I take out my pad with notes.  “But there have been more specific accusations against you, Mr. President.  A one-time attorney general even, claimed that you did nothing to protect the consumer who bought most of these home loans.

“He wrote in the Washington Post: ‘Not only did the Bush administration do nothing to protect consumers, it embarked on an aggressive and unprecedented campaign to prevent states from protecting their residents from the very problems to which the federal government was turning a blind eye.’

“’Let me explain: The administration accomplished this feat through an obscure federal agency called the Office of the Comptroller of the Currency (OCC). The OCC has been in existence since the Civil War. Its mission is to ensure the fiscal soundness of national banks. For 140 years, the OCC examined the books of national banks to make sure they were balanced, an important but uncontroversial function. But a few years ago, for the first time in its history, the OCC was used as a tool against consumers.’

“’In 2003, during the height of the predatory lending crisis, the OCC invoked a clause from the 1863 National Bank Act to issue formal opinions preempting all state predatory lending laws, thereby rendering them inoperative. The OCC also promulgated new rules that prevented states from enforcing any of their own consumer protection laws against national banks. The federal government's actions were so egregious and so unprecedented that all 50 state attorneys general, and all 50 state banking superintendents, actively fought the new rules.’

“But the unanimous opposition of the 50 states did not deter, or even slow, the Bush administration in its goal of protecting the banks.’”

“And who was this prominent writer?” The President asked wryly.

“Er, it was Elliot Spitzer.  He was a crusading attorney general who went after Wall Street. . .”

“I know who Elliot Spitzer was.  Tell me, was this written before or after he was completely discredited as Governor of New York by sleeping with hookers and illegally paying them?”

“Well, sir, before.”  Suddenly, I feel like I should’ve kept my mouth shut.

“Does anyone hold him in much regard now?”

“No, sir.  But you still don’t seem to get the point.  You were at the head of the switch when what Alan Greenspan has called the worst financial crisis in over a hundred years has occurred.  Why don’t you seem that bothered by it?:

A look of confidence overcame his visage.  “Because long ago, I stopped worrying about what people thought of me and instead did what I thought was right. I go to sleep not troubled by what my poll approval numbers are.  I rest with assurance that when history knows the full story, of what we faced, and what my administration has accomplished in the war on terror that I shall be vindicated.”

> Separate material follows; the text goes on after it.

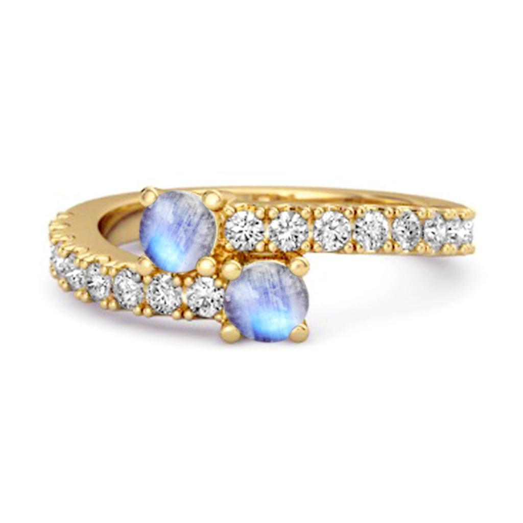 Moonstone bypass ring in sterling silver with 0.60 Ct total and white CZ pavé accents. A glowing, peaceful everyday piece.
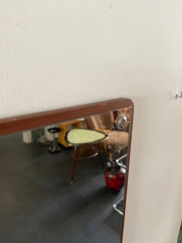 Mooie vintage spiegel op stevige teakhouten plaat. De spiegel heeft een strakke uitstraling en 4 metalen sierdopjes. De staat van de spiegel is goed met wat minimale gebruikssporen; zie hiervoor de foto's.

“That future judgment doesn’t help a lot of people right now.”

“Don’t let my phlegmatic exterior fool you into not thinking I don’t know that they’re not hurting people right now.   Too many people in the press and the public have mistaken what they see as calmness as aloofness.”

“And what would you call it, sir?”


“You should probably be a little less equanimous and a little more concerned about your approval ratings.  Last I read, they were at 27%.”

He seems impressed.  “That good, huh?  For a while I worried that I might actually get to some negative numbers.  How about that, Karl?  Can we go into negative numbers?  Karl!?”

For a moment, I don’t know if he’s joking.  He’s already proven to me to be brighter than I had been led to believe. 

But Condi Rice answers her boss. “Mr. President, Karl Rove isn’t here.”

I close my notebook.  I’ll get no further information from Mr. Bush.  There are other suspects to interview.